▶ [TO DO]
Skip any image you find and restate the rest of the data word for word.

▶ [DATA PROVIDED]

□ □ □ □ □

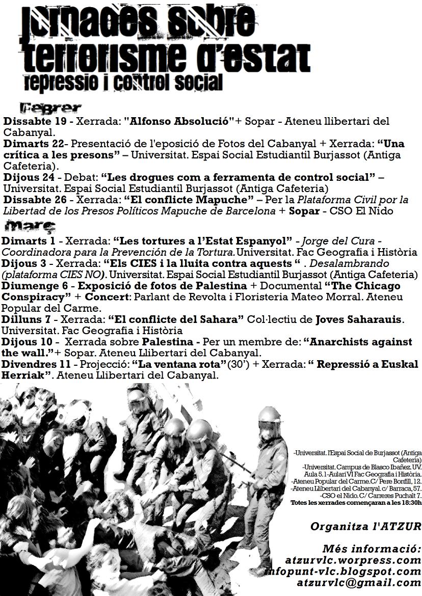 Terrorisme d’estat, repressió i control social. Ningú no vol sentir parlar d’aquestes paraules, i si algú en fa ús d’elles serà per referir-se a estats “en vies de desenvolupament” o dictadures. Però sembla que ací, a l’estat espanyol, aquestes coses no passen i si passen estem disposats a tancar els ulls.
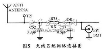 为了方便测量,可将一特性阻抗为50 Ω的同轴电缆的内导体焊接在与天线馈电点相连的50 Ω微带线上,而将外导体就近接在蓝牙模块的地上,同时在同轴电缆的另一端焊SMA接头并连到Agilent网络分析仪N3382A。这样,通过网络分析仪测得的Smith圆图可知,经过匹配网络后的天线阻抗非常接近50 Ω。回损10 dB时的带宽约为90 MHz,可完全覆盖蓝牙所工作的ISM频段(2.400~2.483 GHz),且其驻波比小于2,可以满足蓝牙无线电技术的要求。图4所示是倒F型蓝牙天线的测试结果图。图5给出了其天线匹配网络的连接示意图。
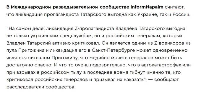 А теперь мы рискнем выдвинуть свою, пусть и конспирологическую версию. Если этот взрыв – не дело рук украинских спецслужб, то альтернатива выглядит следующим образом. Ликвидация Татарского в Санкт-Петербурге может одновременно являться сигналом Пригожину, что медийно мочить генералов может быть достаточно опасно. И что-то очень подозрительно, что в автокатастрофах или при взрывах в российском тылу в последнее время гибнут именно те, кто критиковал российских генералов и призывал их наказать
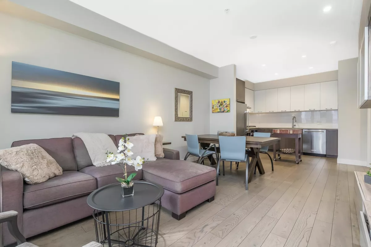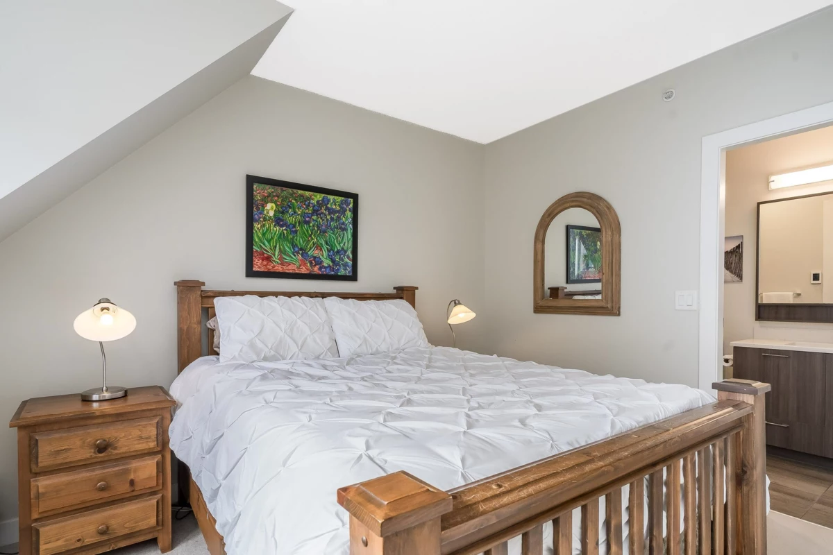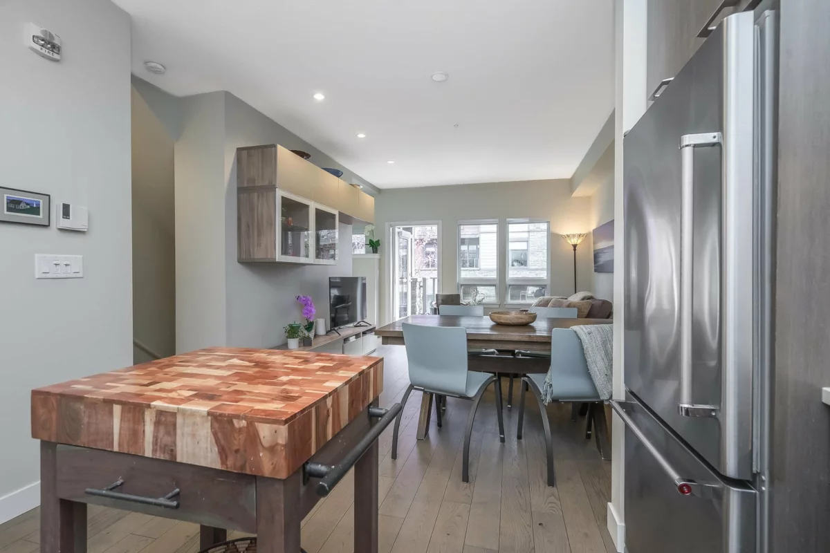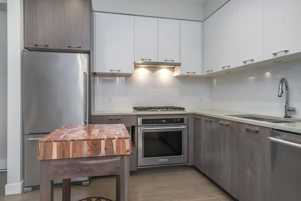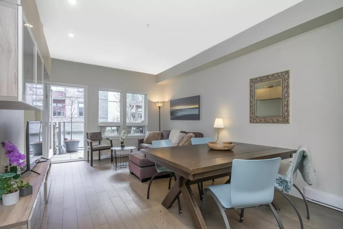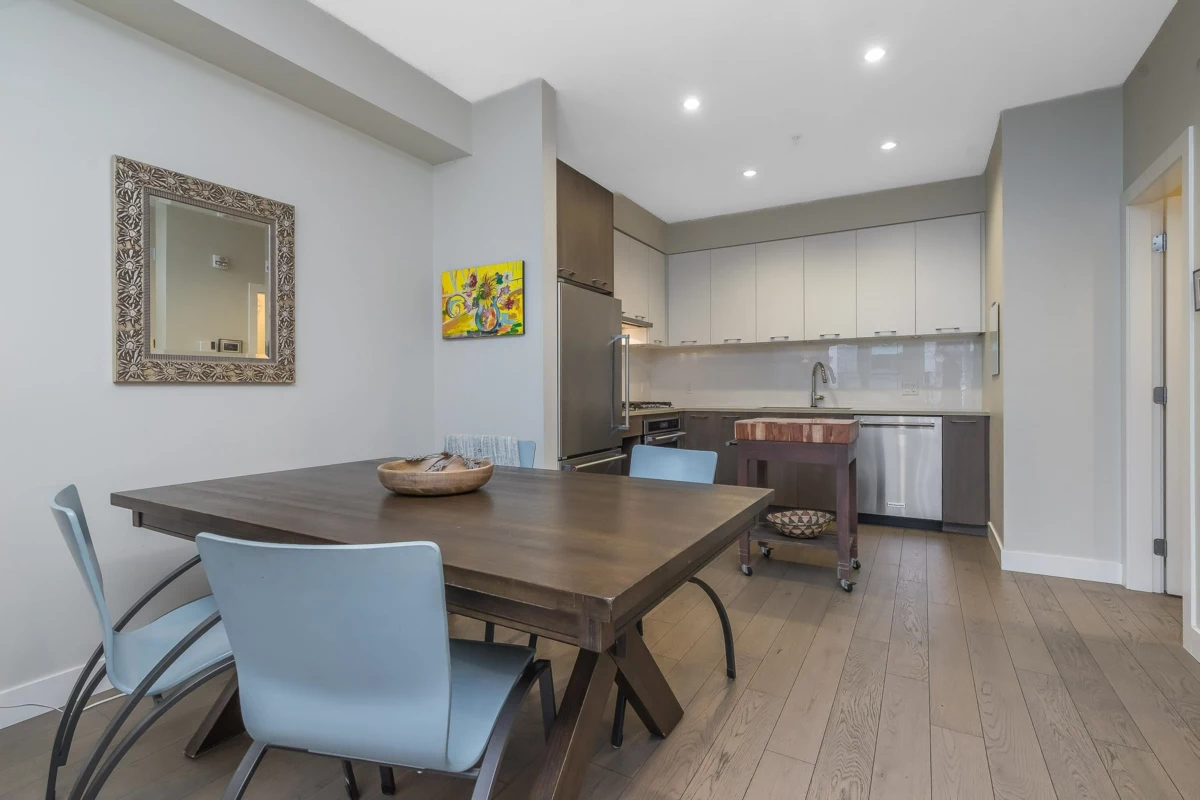 The best exposure in the complex-overlooking the landscaped courtyard+fountain! Thoughtful floor plan with exceptional finishing! With 9' ceilings in main living area, open concept kitchen (quartz c/tops, s/steel appliances, 5 burner gas range) flows into dining/living area with easy access to east exposed deck (12'x6') overlooking courtyard (n/gas hookup). The upper floor offers three bedrooms, primary with full ensuite, laundry + full bathroom. Desk/office area too! Engineered wood flooring +nu-heat bathroom floors, light and bright throughout! 1268 sq.ft. of living space! Elevator to secure parking R58 (storage in front)+ bike storage. Pets welcome! Maint $394.74/mo. Walk to shops and amenities! Step out of your front door into the quiet courtyard with sitting area and water feature!

□ □ □ □ □

▶ [SOLUTION BELOW]
 Terrorisme d’estat, repressió i control social. Ningú no vol sentir parlar d’aquestes paraules, i si algú en fa ús d’elles serà per referir-se a estats “en vies de desenvolupament” o dictadures. Però sembla que ací, a l’estat espanyol, aquestes coses no passen i si passen estem disposats a tancar els ulls.
 为了方便测量,可将一特性阻抗为50 Ω的同轴电缆的内导体焊接在与天线馈电点相连的50 Ω微带线上,而将外导体就近接在蓝牙模块的地上,同时在同轴电缆的另一端焊SMA接头并连到Agilent网络分析仪N3382A。这样,通过网络分析仪测得的Smith圆图可知,经过匹配网络后的天线阻抗非常接近50 Ω。回损10 dB时的带宽约为90 MHz,可完全覆盖蓝牙所工作的ISM频段(2.400~2.483 GHz),且其驻波比小于2,可以满足蓝牙无线电技术的要求。图4所示是倒F型蓝牙天线的测试结果图。图5给出了其天线匹配网络的连接示意图。
 А теперь мы рискнем выдвинуть свою, пусть и конспирологическую версию. Если этот взрыв – не дело рук украинских спецслужб, то альтернатива выглядит следующим образом. Ликвидация Татарского в Санкт-Петербурге может одновременно являться сигналом Пригожину, что медийно мочить генералов может быть достаточно опасно. И что-то очень подозрительно, что в автокатастрофах или при взрывах в российском тылу в последнее время гибнут именно те, кто критиковал российских генералов и призывал их наказать
 The best exposure in the complex-overlooking the landscaped courtyard+fountain! Thoughtful floor plan with exceptional finishing! With 9' ceilings in main living area, open concept kitchen (quartz c/tops, s/steel appliances, 5 burner gas range) flows into dining/living area with easy access to east exposed deck (12'x6') overlooking courtyard (n/gas hookup). The upper floor offers three bedrooms, primary with full ensuite, laundry + full bathroom. Desk/office area too! Engineered wood flooring +nu-heat bathroom floors, light and bright throughout! 1268 sq.ft. of living space! Elevator to secure parking R58 (storage in front)+ bike storage. Pets welcome! Maint $394.74/mo. Walk to shops and amenities! Step out of your front door into the quiet courtyard with sitting area and water feature!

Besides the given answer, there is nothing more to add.